Pressure (psi) = (Head * Specific Gravity)/2.31
0.5 = (Head * 1)/2.31
Head = 1.155

d= (Q/19.63(K)(Hsqrt))sqrt
d= (2/19.63(0.62)(1.155 sqrt))sqrt
d= 0.153"


ID of tubing is 0.375" - .065" = 0.31"
Beta = 0.153/0.31 = 0.493

 

[Latexman]

Better check your math. I got d = 0.391", which is bigger than your tubing!

Good luck,
Latexman

 

[wfeldmann]

You were correct I forgot to take the square root of the entire equation. Basically if I increased the pressure drop across the orifice I will lower my diameter. If I increased my pressure drop from 0.5 psig to 3 psig I would get a diameter of approx. 0.25".

Pressure (psi) = (Head * Specific Gravity)/2.31
3 = (Head * 1)/2.31
Head = 6.93

d= (Q/19.63(K)(Hsqrt))sqrt
d= (2/19.63(0.62)(6.93 sqrt))sqrt
d= 0.249"

My Beta would now be 0.806.

 

[Latexman]

The math checks out now. Congratulations.

However, I have some doubt, because you really did not answer or elaborate on katmar's question on permanent pressure drop in a way that makes me think you know enough about this subject to make it work right the first time. Plus, you use a K = 0.62 with a beta of about 0.8, and you never mention checking the Reynold's number. All these put together creates doubt in my mind.
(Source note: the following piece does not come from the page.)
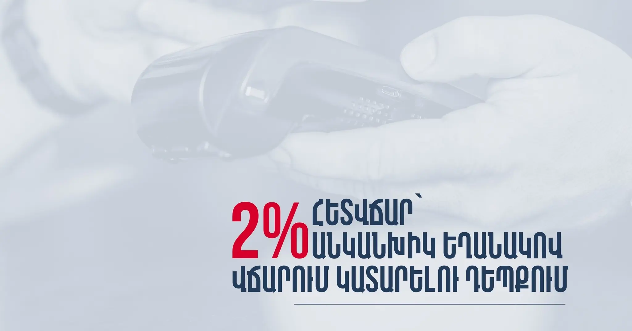 «Ինչպես գիտեք, հունվարի 1-ից ԱՐՔԱ վճարային համակարգի միջոցով անկանխիկ եղանակով վճարում կատարելու դեպքում կստանաք հետվճար՝ 2%-ի չափով։
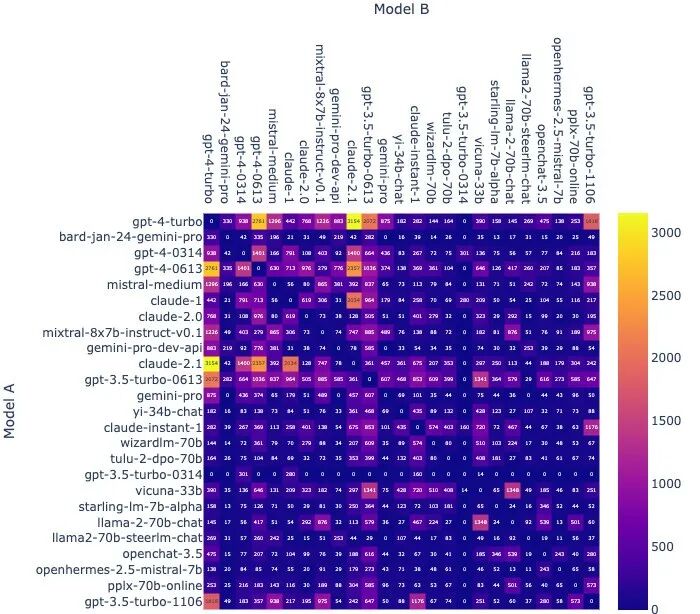 更详细一点,在所有没有平局的Model A对B的对决中,Model A获胜的比例如下:

Does anyone else have this feeling?

Good luck,
Latexman

 

[wfeldmann]

Pertaining to katmar's question.
Is the 0.5 psi pressure drop the permanent pressure drop (i.e. are you designing a restriction orifice) or is this a flow measuring orifice with close tapping points?

Yes, it will be a permanent pressure drop with a constant pressure supplied from a header that should be a consistent 45 psig from a pump. I am trying to design this as a restriction orifice and it will not be monitored for flow. There are nine other taps off the main header that are cooling other equipment that also have restriction orifices in them. I have a total of 34 restriction orifices in this system. There are 4 in a 3 inch line, 2 in a 1-1/2 inch line, 20 in a 1 inch line, and 8 in a 3/8 inch line. This tubing and piping are cooling bus bars and a chamber that is being heated by induction coil and they keep the coils and bus bar and associated power units and load matching stations at a desirable temperature. I hope this helps explain what I am trying to do.

I have all the other restriction orifices completed, but I was having a problem with these 3/8" tubing lines, because my software program does not go below 1/2" lines, so I needed to do it by hand.

Thanks for your help

 

[Latexman]

Thanks, that helps explain my doubt. Btw, a 3/8" SS .065" wall thickness tube has an ID = 0.375-2x0.065 = 0.245".

Good luck,
Latexman

 

[wfeldmann]

Latexman,

You have been very helpful and I appreciate it.

 

[Latexman]

No problem. Are you adding this one 3/8" run to an existing facility, or is everything new?

Good luck,
Latexman

 

[dcasto]

use a slinted bronze filter with a Cv of 2.83 from swagelok.

 

[wfeldmann]

All runs are new and there are a total of 8 - 3/8" tubing runs that cool the bus bar. There are two zones per chamber and each zone has a positive and negative bus bar and the tubing is run on boths sides of the bus bar for a total of 8. From our bus bar heat calculation that mechanical engineering performed it stated we needed a flow rate of a minimum of 2 gpm to keep the bus bars within operating parameters. They tee off from a 3/4" pipe and go through the bus bar and tee back into a 3/4" pipe and back to the return of the pump and heat exchangers.

 

[wfeldmann]

What is a slinted bronze filter? How exactly would this work and would you have to worry about contaminants over the long run? I will look it up and thanks for the option.

 

[Latexman]

dcasto - did you mean sintered or slanted? I'm betting on sintered.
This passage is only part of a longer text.